Мартин решительно покачал головой:
– Нет, преподаватели естественных наук пускай остаются. Это поистине замечательный народ. А вот девяти десятым филологов и лингвистов, этим безмозглым попугайчикам, очень бы полезно проломить головы.
Это было довольно жестоко по отношению к преподавателям словесности, а для Руфи прозвучало святотатством. Не могла она не сравнивать преподавателей, подтянутых, эрудированных, в хорошо сидящих костюмах, с хорошо поставленными голосами, в ореоле культуры и утонченности, – с этим невозможным юнцом, которого она почему-то любит, хотя костюм никогда не будет сидеть на нем хорошо, его выпирающие мускулы свидетельствуют о тяжком труде, в разговоре он горячится, спокойные доказательства подменяет бранью, а невозмутимое самообладание пылкими возгласами. Те по крайней мере хорошо зарабатывают и они джентльмены – да, да, она вынуждена в этом признаться, – а он не может заработать ни гроша и, конечно же, он отнюдь не джентльмен.
Она не взвешивала слов Мартина, не вдумывалась, доказательны ли они. Пришла к убеждению, что он не прав, исходя – правда неосознанно – из сопоставлений чисто внешних. Профессора и преподаватели правы в своих суждениях о литературе, потому что они сделали карьеру. Суждения Мартина о литературе ошибочны, потому что он не мог продать плоды своих трудов. Говоря словами Мартина, они преуспели, а он – нет. Да и странно было бы, чтобы он оказался прав, – он, который еще так недавно стоял в этой самой гостиной, пунцовый от смущения, неуклюже здоровался с теми, кому его представляли, со страхом озирался по сторонам, как бы, раскачиваясь на ходу, не задеть плечом какую-нибудь безделушку, спрашивал, давно ли помер Суинберн, и хвастливо заявлял, что читал «Эксцельсиор!» и «Псалом жизни».
Сама того не сознавая, Руфь подтвердила слова Мартина, что она преклоняется перед общепринятым. Мартину был внятен ход ее мыслей, но он воздержался от дальнейшего спора. Не за ее отношение к Прапсу, Вандеруотеру и к преподавателям английской словесности он любил Руфь и уже начинал понимать и все больше убеждался, что иные предметы его размышлений и области знания, доступные и открытые ему, для нее не только книга за семью печатями, но она даже и об их существовании не подозревает.

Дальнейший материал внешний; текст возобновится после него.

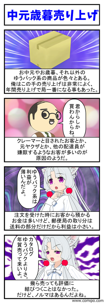 俺のいた局ではお中元とお歳暮、カタログゆうパックの売り上げ…
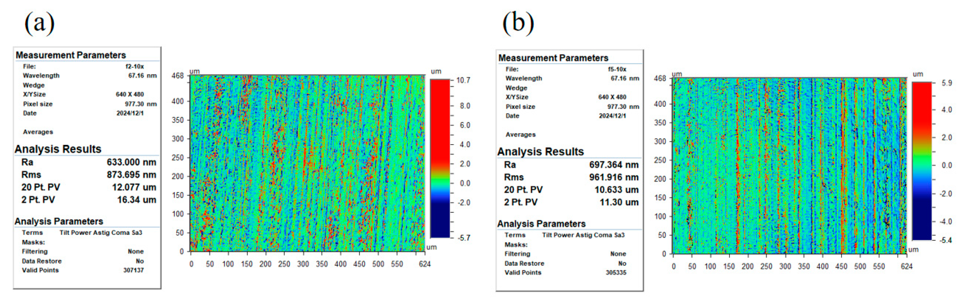 - Peng, W.; Jiang, L.; Huang, C.; Chen, Y.; Tian, Y.; Han, Y.; Zhang, S.; Qian, L. Surface roughness evolution law in full-aperture chemical mechanical polishing. Int. J. Mech. Sci. 2024, 277, 109387. [Google Scholar] [CrossRef]
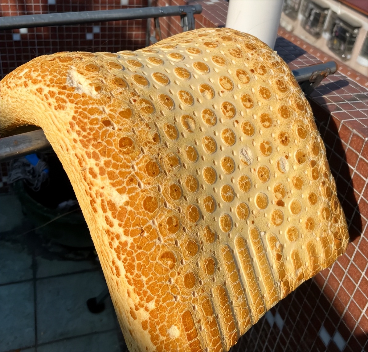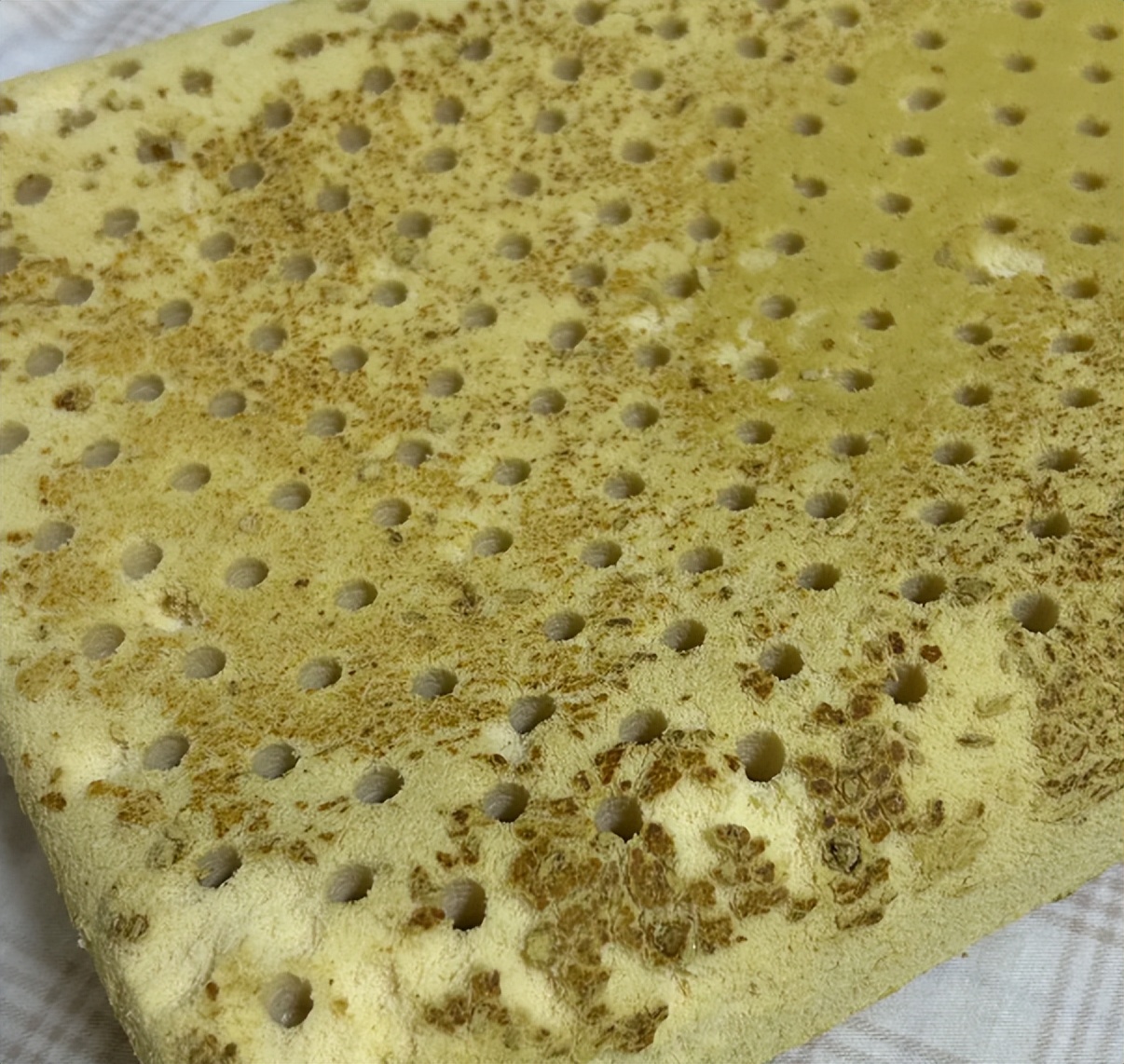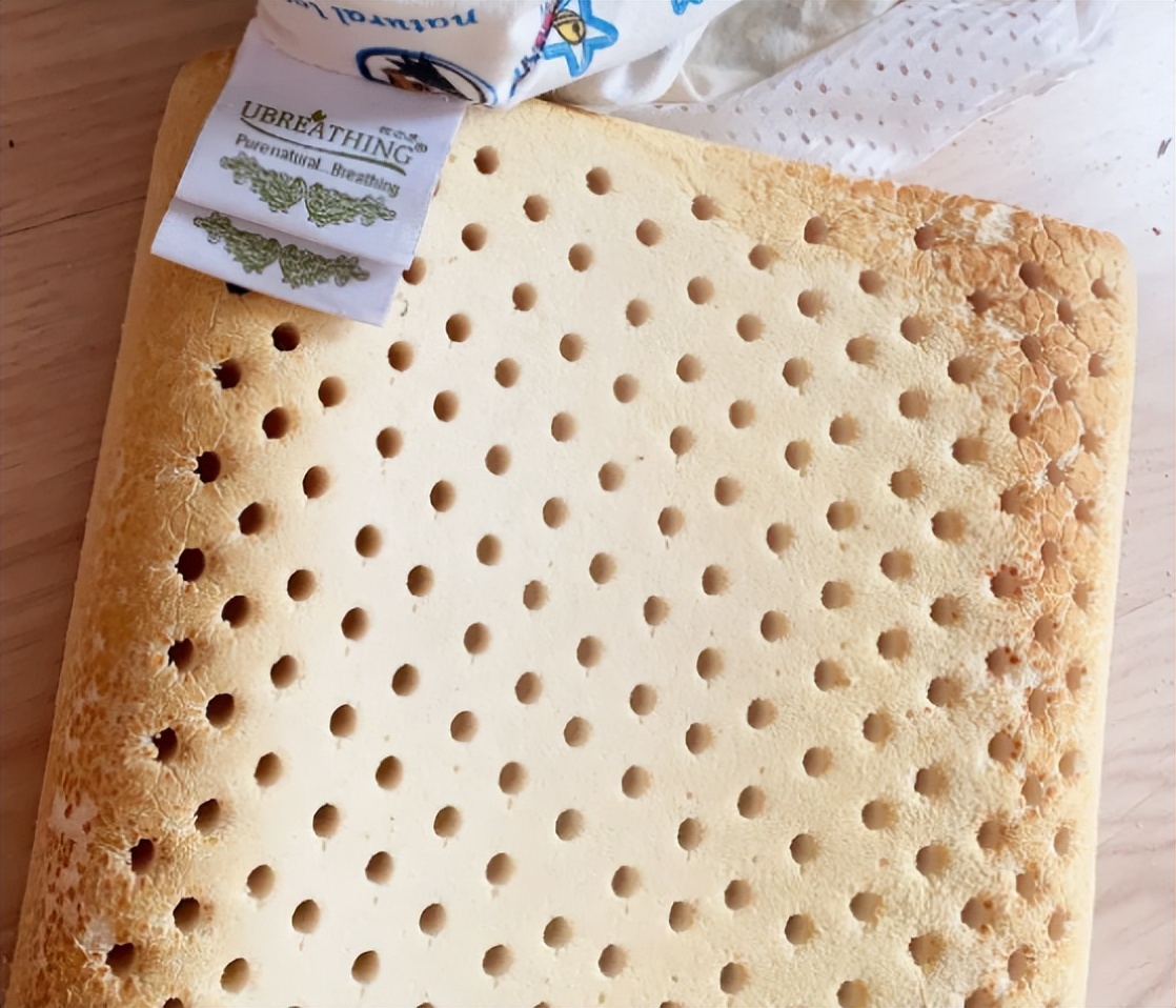 大家自查一下看看,若发现乳胶枕已经发黄严重,或者已经粉化了就直接扔掉,真不要舍不得,尤其是劣质的乳胶枕,长期用还会释放出有害物质。
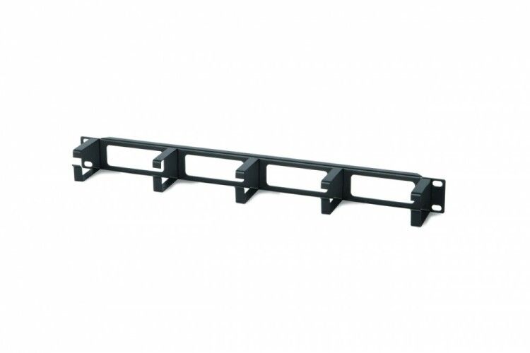 Изделие выполнено из прочного металла, что исключает деформацию даже при нагрузке множеством кабелей. Металлические кольца имеют гладкие кромки - не повреждают изоляцию кабелей. Гorizontalная ориентация позволяет равномерно распределить кабели вдоль стойки, а не вертикально, что важно для плотно укомплектованных стоек. Черный цвет не выделяется на фоне оборудования и не бликует.
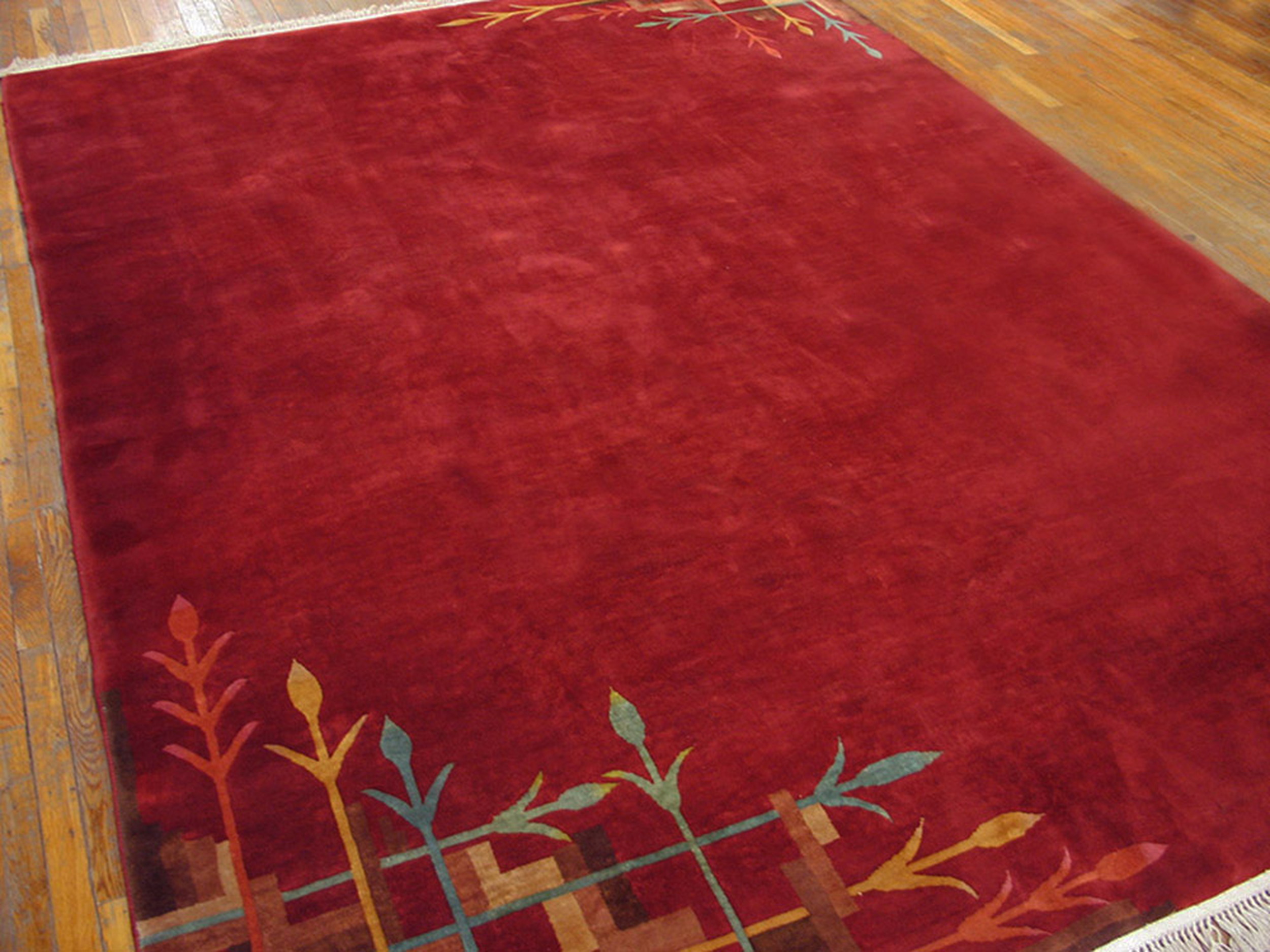 Room Size 1930s Knotted Antique Rectangle Chinese – Art Deco Coral Wool Rug, Circa Date: 1930s. This exceptional Chinese Art Deco carpet captures the essence of 1930s design, where Eastern tradition met Western modernism. The expansive, plush field is saturated in a rich, deep coral hue, providing a dramatic foundation that defines the piece. This specific shade is highly sought after among collectors looking for coral color rugs that offer both warmth and sophistication.
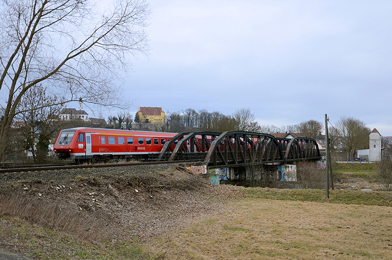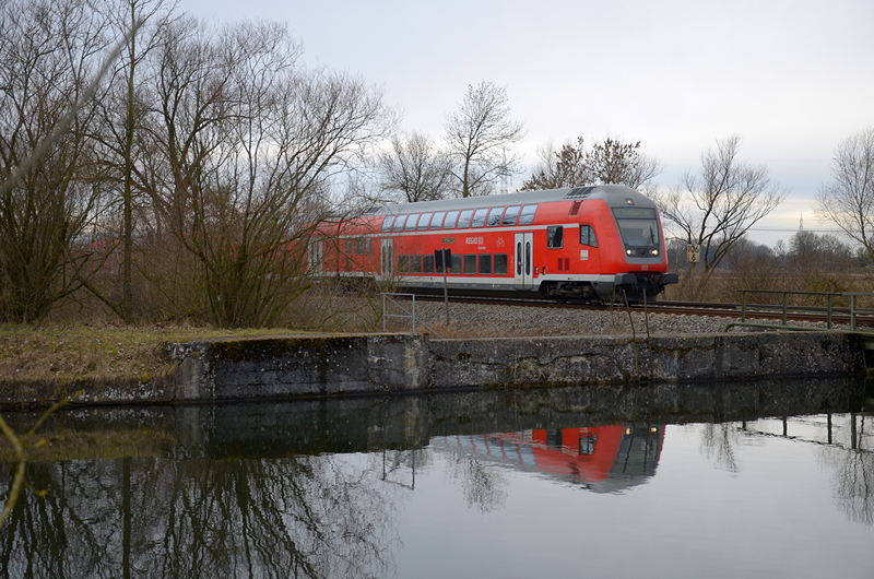 Nun fuhr ich noch nach Erbach an die Donaubrücke. Ich wollte mal wieder einen Zug mit Schloss und Kirche im Hintergrund aufnehmen. Mit 611 039 und 018 als IRE 3368 (Ulm-Basel) ist mir das aber nur bedingt gelungen.
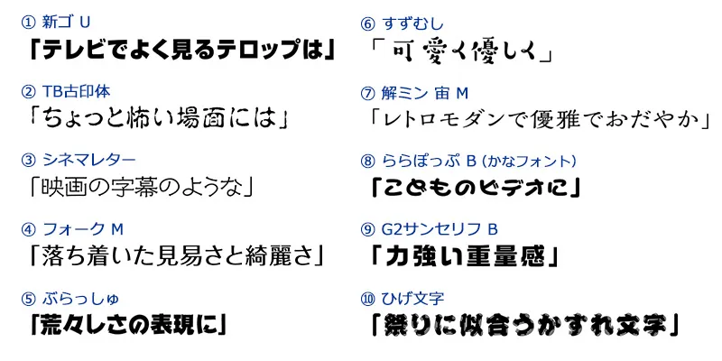 TB古印体 筆の強弱を強調した書体。怖いシーンの演出に最適。

Руфь полагала, что он ничего не смыслит в музыке, а, говоря об опере, – умышленно все ставит с ног на голову.
– Тебе понравилось? – однажды спросила она Мартина, когда они возвращались из оперы.
В тот вечер он повел ее в оперу, ради чего весь месяц жестоко экономил на еде. Напрасно ждала она, чтобы он заговорил о своих впечатлениях, и наконец, глубоко взволнованная увиденным и услышанным, сама задала ему этот вопрос.
– Мне понравилась увертюра, – ответил он. – Это было великолепно.
– Да, конечно, но сама опера?
– Тоже великолепно, я имею в виду оркестр, хотя я получил бы куда больше удовольствия, если бы эти марионетки молчали или вовсе ушли со сцены.
Руфь была ошеломлена.
– Надеюсь, ты не о Тетралани и не о Барильо? – недоверчиво переспросила она.
– Обо всех о них, – обо всей этой компании.
– Но ведь они великие артисты, – возразила Руфь.
– Ну и что? Своими ужимками и кривляньем они только мешали слушать музыку.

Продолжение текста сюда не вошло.